Identify Azure Databricks workloads

Completed

Azure Databricks offers capabilities for various workloads including Machine Learning and Large Language Models (LLM), Data Science, Data Engineering, BI and Data Warehousing, and Streaming Processing.

Data Science and Engineering

This workload is designed for data scientists and engineers who need to collaborate on complex data processing tasks. It provides an integrated environment with Apache Spark for big data processing in a data lakehouse, and supports multiple languages including Python, R, Scala, and SQL. The platform facilitates data exploration, visualization, and the development of data pipelines.

Diagram of Databricks data ingestion & data sources screen.

Machine Learning

The Machine Learning workload on Azure Databricks is optimized for building, training, and deploying machine learning models at scale. It includes MLflow, an open-source platform to manage the ML lifecycle, including experimentation, reproducibility, and deployment. It also supports various ML frameworks such as TensorFlow, PyTorch, and Scikit-learn, making it versatile for different ML tasks.

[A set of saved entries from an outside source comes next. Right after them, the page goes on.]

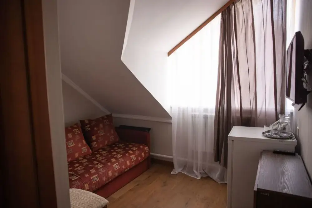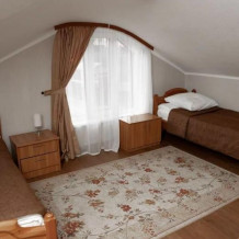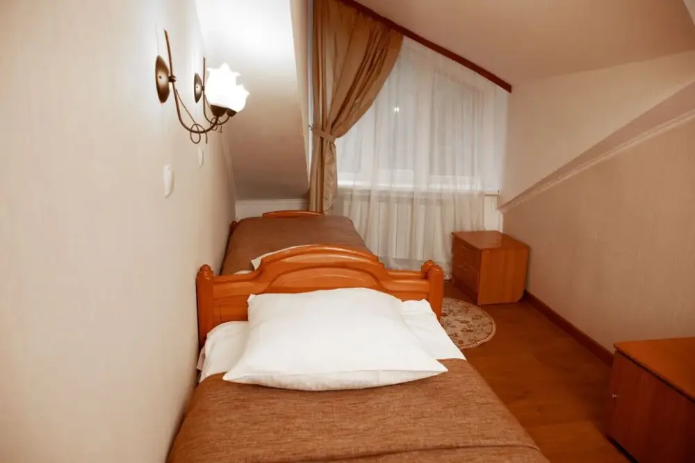 Номерной фонд Эконом класса состоит из 5 номеров, которые располагаются на 3 мансардном этаже, блочная система номеров (2+2), в номере раздельные кровати, без балкона.
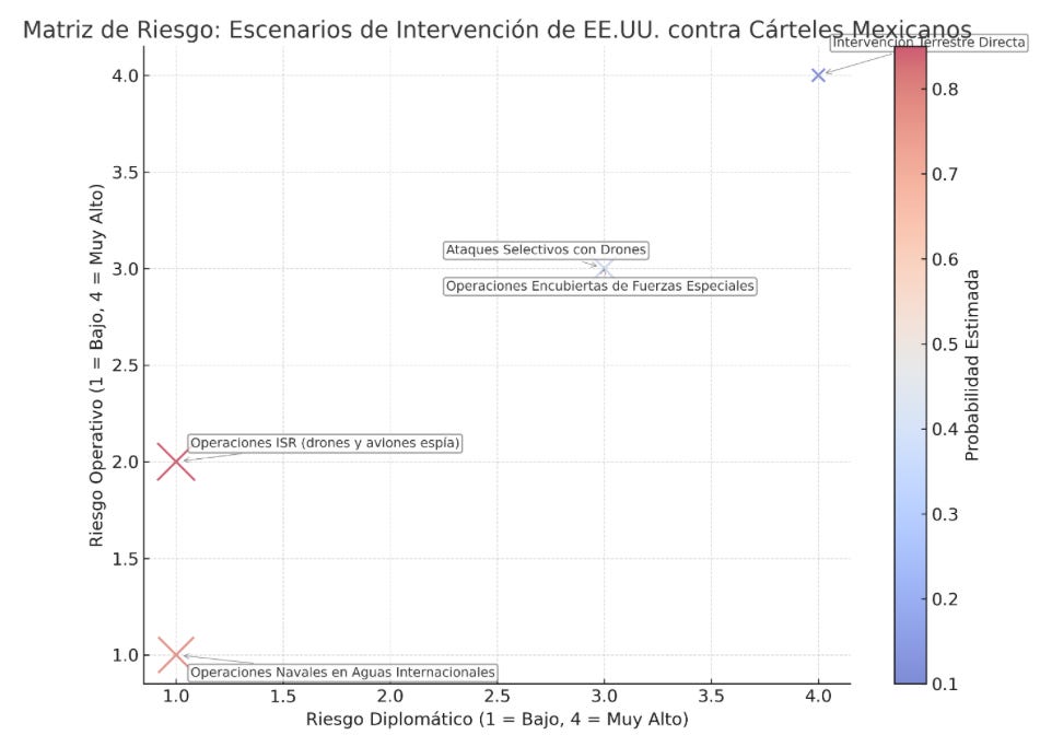 Clasificación: Escenario de Escalada. No forma parte de la dinámica actual y su implementación supondría cruzar un umbral de intervención directa en territorio mexicano, incrementando riesgos de enfrentamiento armado y tensiones bilaterales.
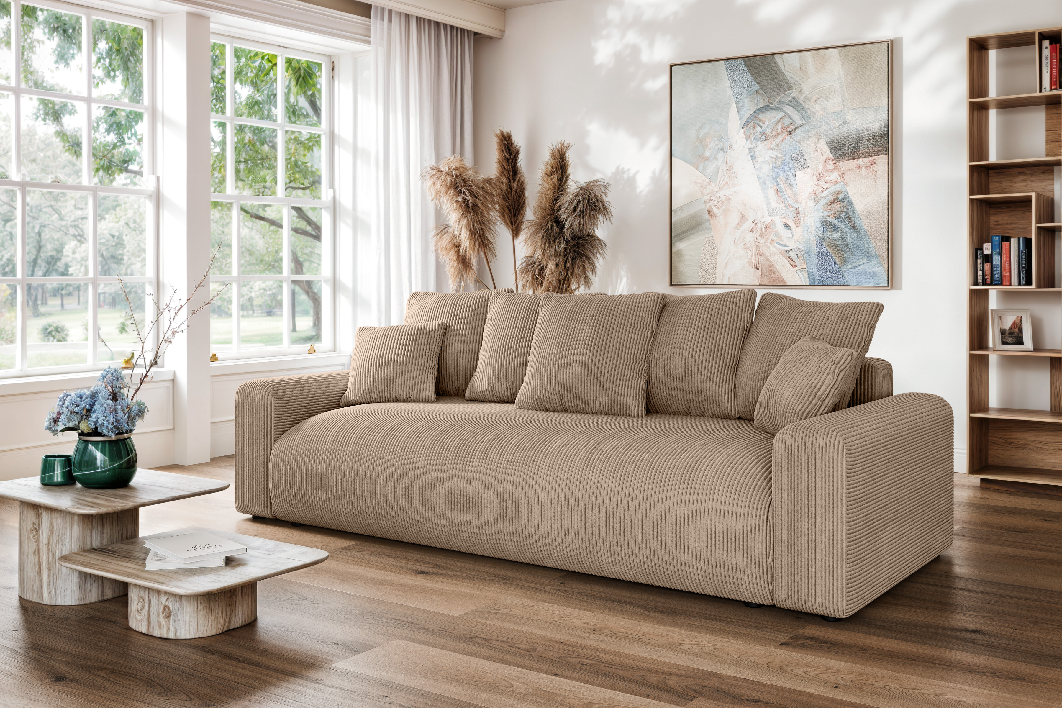Nowoczesna sofa z funkcją spania Meva Small welur capuccino

Diagram of Databricks Machine Learning screen.

SQL

The SQL workload is geared towards data analysts who primarily interact with data through SQL. It provides a familiar SQL editor, dashboards, and automatic visualization tools to analyze and visualize data directly within Azure Databricks. This workload is ideal for running quick ad-hoc queries and creating reports from large datasets.

Diagram of DatabricksSQL Editor screen.